Fibre product

2020 Mathematics Subject Classification: Primary: 54B [MSN][ZBL]

The fibre product of a system of topological spaces $\def\a{\alpha}X_\a$ with respect to a system of continuous mappings $f_\a:X_\a\to X_0$, $\a\in\def\cA{ {\mathcal A}}\cA$ is the subset $X_\cA$ of the Tikhonov product $\prod_{\a\in\cA}X_\a$, which is considered in the induced topology and which consists of the points $x=\{x_\a\}\in \prod_{\a\in\cA}X_\a$ for which $f_\a x_\a = f_{\a'} x_{\a'}$, for all indices $\a$ and $\a'$ from $\cA$. The mapping which brings the point $x=\{x_\a\}\in X_\cA$ into correspondence with the point $x_\a\in X_\a$ (or with the point $f_\a x_\a\in X_0$) is called a projection of the fibre product $X_\cA$ onto $X_\a$, $\a\in\cA$ (or onto $X_0$).
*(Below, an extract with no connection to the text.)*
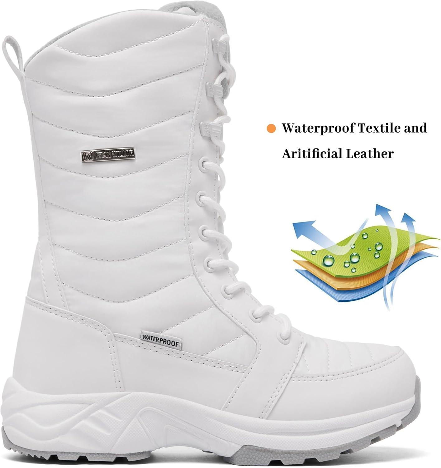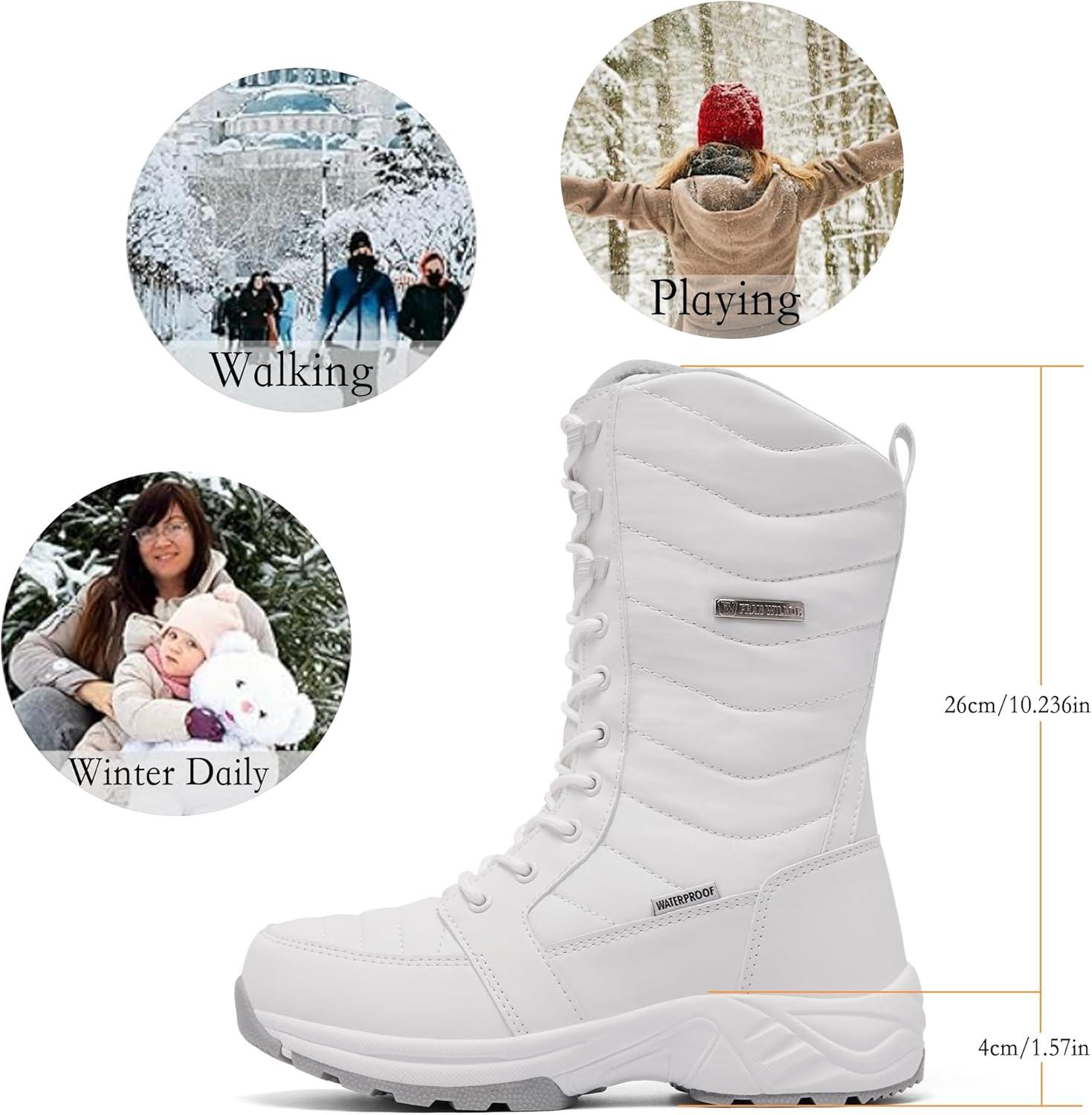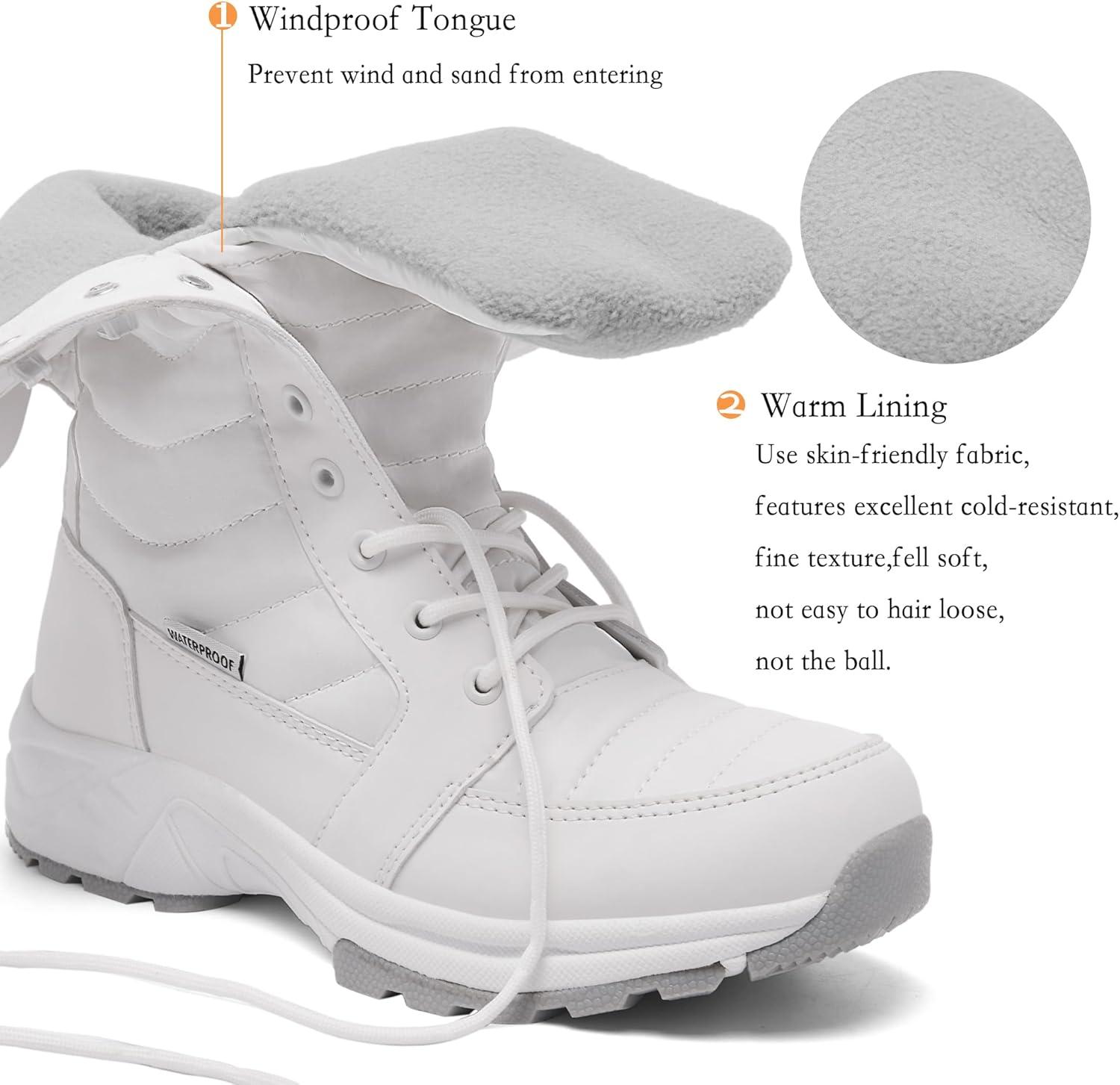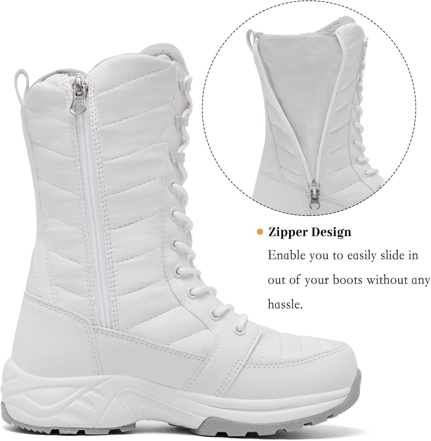 Women’s Waterproof Winter Snow Boots Warm Comfortable with Side Zipper – 2025 Fashion Lightweight Hiking boots for Cold Weather Insulated Mid Calf Military Booties(White)

If the space $X_0$ is a one-point space, then $X_\cA\cong \prod_{\a\in\cA}X_\a$. If the $X_\a$, $\a\in\cA$, are completely-regular spaces, the fibre product $X_\cA$ is completely regular. The fibre product, in particular its special case the partial product, is well suited for the construction of universal (in the sense of homeomorphic inclusion) topological spaces of given weight and given dimension (cf. Universal space).

Comments

In category theory the term "pullback" is also used, cf. Fibre product of objects in a category.